Average hourly earnings rose 0.2% in October after climbing 0.3% in September. In the 12 months through October, wages increased 4.1%, the smallest increase since June 2021, after rising 4.3% in September. The average workweek shortened to 34.3 hours from 34.4 hours. Aggregate hours worked fell 0.3%. Both reflected the impact of the auto strikes on the economy.
The labor market is the major force behind the economy’s staying power, with gross domestic product recording an annualized growth pace of nearly 5% in the third quarter.
Though wage pressures are easing because of a recent expansion of the labor pool and fewer people changing jobs, the annual growth in average hourly earnings remains above the 3.5% that economists say is consistent with the Fed’s 2% target.
“We’ll see a significant deceleration in growth in the fourth quarter, but not in a way that we’re plunging into any kind of recession,” said Sean Snaith, director of the University of Central Florida’s Institute for Economic Forecasting.

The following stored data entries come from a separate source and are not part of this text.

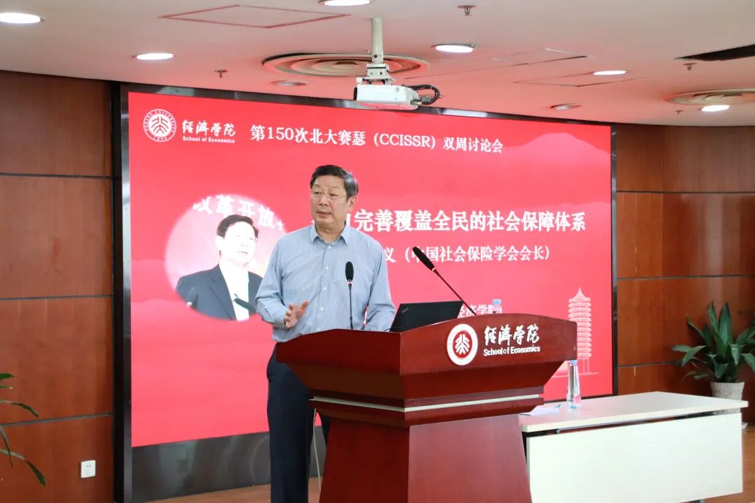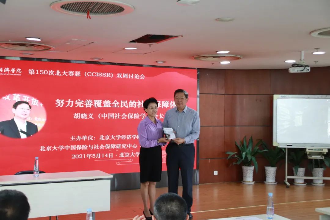 2021年5月14日上午,第150次北大赛瑟(CCISSR)双周讨论会在申博太阳城集团307报告厅举行。中国社会保险学会会长胡晓义先生作为特邀嘉宾,以《努力完善覆盖全民的社会保障体系——学习习近平总书记“2.26”重要讲话》为题,与现场听众分享我国社会保障体系建设的相关思考。讨论会由风险管理与保险学系主任郑伟教授主持,申博太阳城集团部分师生约100人参加了本次讨论会。讨论会开始前,申博太阳城集团党委副书记、纪委书记叶静漪教授,申博太阳城集团校长助理、申博太阳城集团院长董志勇教授,申博太阳城集团中国保险与社会保障研究中心主任孙祁祥教授等会见了胡晓义会长。
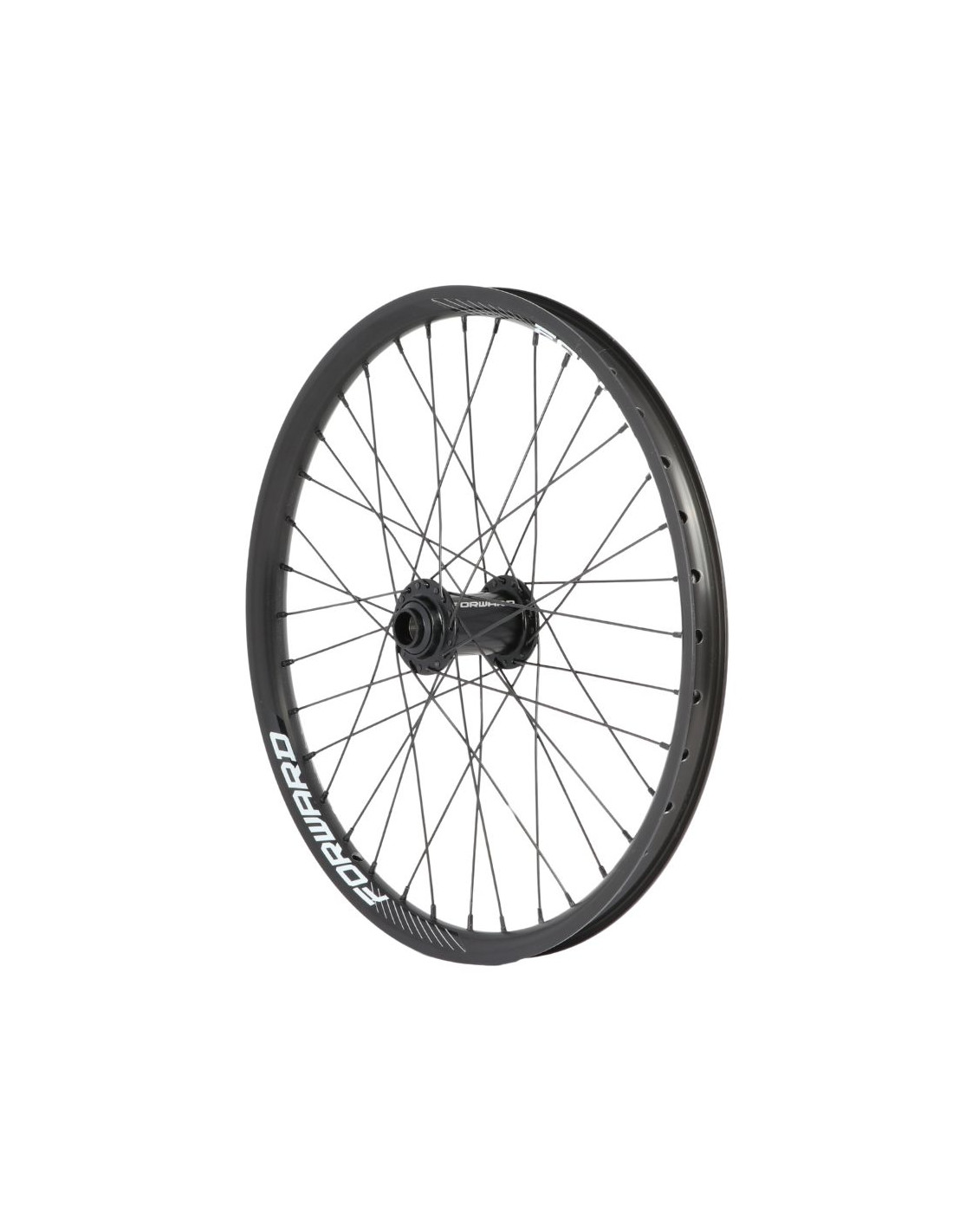 La roue avant Forward intègre une jante double parois en aluminium 6061, offrant une excellente solidité tout en conservant un poids réduit. Elle est compatible avec les pneus de 20x1.40" à 20x1.90".
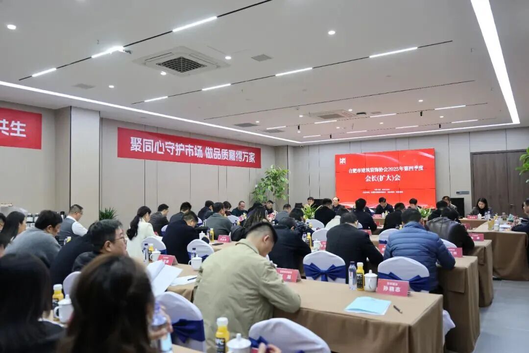 12月2日下午,合肥市建筑装饰协会2025年第四季度会长(扩大)会议在协会副会长单位竞艺装饰集团会议室成功召开。会议特邀市城乡建设领域协会(中心)党总支书记戴晓盈、市建筑业协会党支部书记于飞、市建筑市场监督管理处高级工程师左丽丽出席并讲话,协会会长、副会长、秘书长、监事、各专委会主任及秘书长、副会长单位代表及协会秘书处工作人员近六十人参加会议。会议由合肥市建筑装饰协会会长杨超主持。
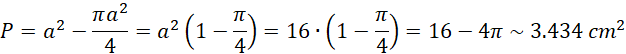 Jest to odejmowanie pola kwadratu od pola czterech ćwierć-kół wewnątrz kwadratu.
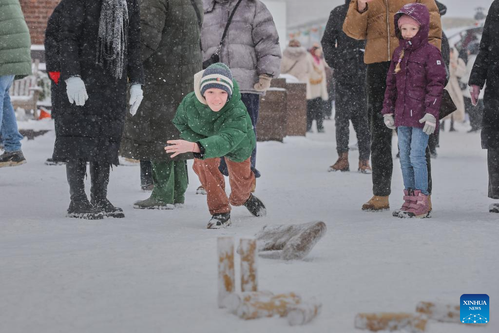 A boy plays a traditional game during Maslenitsa celebrations in St. Petersburg, Russia, on Feb. 22, 2026. Various events were held in St. Petersburg on Sunday to celebrate the traditional festival Maslenitsa. During the festival, people took part in a wide range of activities to bid farewell to the cold winter and welcome the arrival of spring. (Photo by Irina Motina/Xinhua)

Economists were split on the impact of record-breaking labor contracts, including the ones scored by the UAW, airline pilots and the union representing UPS workers, on wage inflation.
Some argued that the recent surge in worker productivity, if maintained, would be enough to offset the higher compensation. Others pointed out that the U.S. economy was now predominantly based on services, which would make it harder to boost productivity.
Ebbing labor market momentum was also evident in the smaller household survey, from which the unemployment rate is derived. Household employment fell 348,000, accounting for the rise in the jobless rate. The strike also impacted the unemployment rate. About 201,000 people dropped out of the labor force.
That lowered the labor force participation rate, or the proportion of working-age Americans who have a job or are looking for one, to 62.7% from 62.8% in September.
The prime-age group participation rate declined, mostly because of men dropping out of the labor force.
The ranks of Americans experiencing long-term unemployment increased 66,000 to 1.282 million. The number of people working part-time for economic reasons rose 218,000 to 4.283 million. There was also an increase in people working multiple jobs.
“October’s employment report, in conjunction with the third-quarter report on productivity and costs, clearly indicates that the economy has converged already to potentially a more sustainable path of low inflation and solid potential growth,” said Brian Bethune, an economics professor at Boston College.